Quem foi Rilke? Um homenzinho obscuro, que teve um relacionamento com uma senhora esquisita chamada Lou Andreas-Salomé. Em Paris, Rilke foi secretário de um homem violento, carinhoso com o escopro e brutal com as mulheres. Mais tarde foi convidado da princesa Maria von Thurn und Taxis, e essa deve ter sido a parte mais agradável da sua existência. Dava-lhe isto autoridade para aconselhar os jovens? Dava-lhe o estatuto de perito para que os jovens poetas seguissem os seus conselhos?

Conheci pessoas que, no meio do sofrimento moral, eram capazes de sorrir e dizer “Antes assim que morta”, querendo com isso dizer “Antes sofrer que não sentir nada”. Mas eram muito jovens, ou enfrentavam contrariedades pequenas. Não se pode estar sempre em forma, sabem os especialistas do treino desportivo. Nem sempre na crista da paixão, agradável, pronto a socializar.

Nem sempre diferente. Inteligente. Sensível. Capaz de ouvir com atenção. Há horas em que há tanto barulho dentro de nós que ensurdecemos e só somos capazes de ouvir o ruído informe do motor, do volante da “Ode Marítima”, dos gritos ao longe dos marinheiros em manobras.

Há momentos – e são quase tudo, e quase sempre – de grande monotonia, de embotamento. Em que apetece ser como o sardão na grande pedra ao sol, sem outra ambição que acumular energia.

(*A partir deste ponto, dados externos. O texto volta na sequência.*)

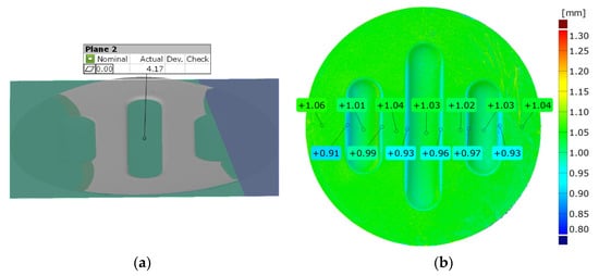 For the surface flatness measurement, the best plane-matching function was used. This function determined two parallel planes adjusted to the most protruding and the most concave part of the selected surface on the model. The flatness of the surface was determined with the distance between these planes. Figure 13 shows an example result of measuring the surface flatness.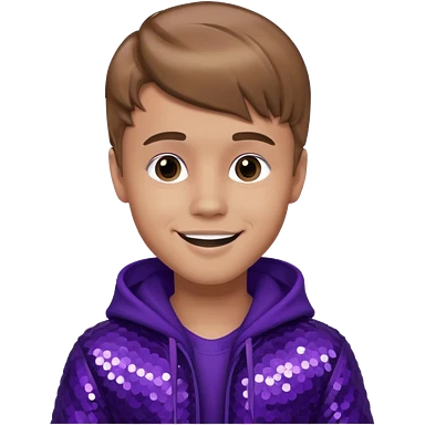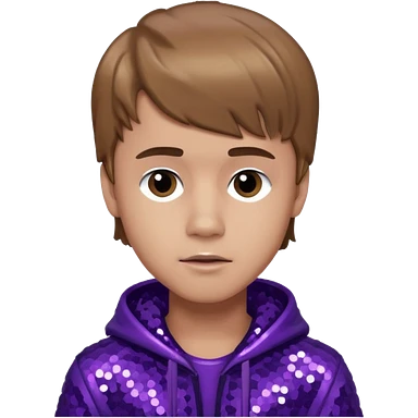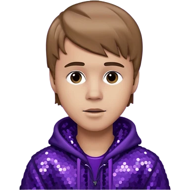 Justin Bieber with light skin, dark blonde hair, purple sequin outfit emoji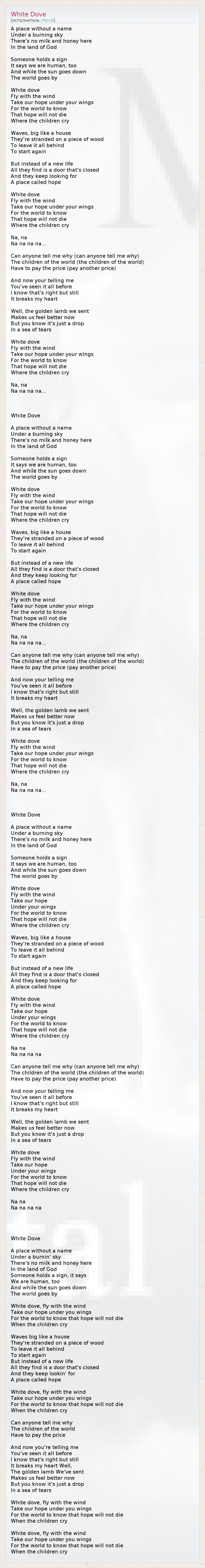 А как ты думаешь, о чем песня "White Dove" ?

E há certamente, na vida de cada qual, instantes carregado de sentido. Que resumem os outros. De tal intensidade que, quando os recordamos, somos capazes de os decompor, de recordar o ambiente em redor, os murmúrios, as diversas gradações da cor e dos sentidos. Podemos guardá-los como eles merecem e voltar a eles até serem só uma reconstrução, uma tonalidade afectiva, uma imagem de fusão. Mas seria doentio viver desses momentos, querer multiplicá-los, sofrer por serem raros ou desejar uma vida diferente da que temos.

Gosto de comunicar aos meus amigos o que me entusiasma, mas detesto o proselitismo. Gosto dos artistas inebriados com o seu trabalho. Mas gosto mais dos padeiros a vigiar a temperatura do forno, da rapariga do 5 à sec a ler as instruções de lavagem, da menina do call center a seguir o fluxo de decisão, da professora a contar aos miúdos a história do Gato das Botas, das enfermeiras de cuidados intensivos, à luz baça da madrugada, a escrever as notas do turno.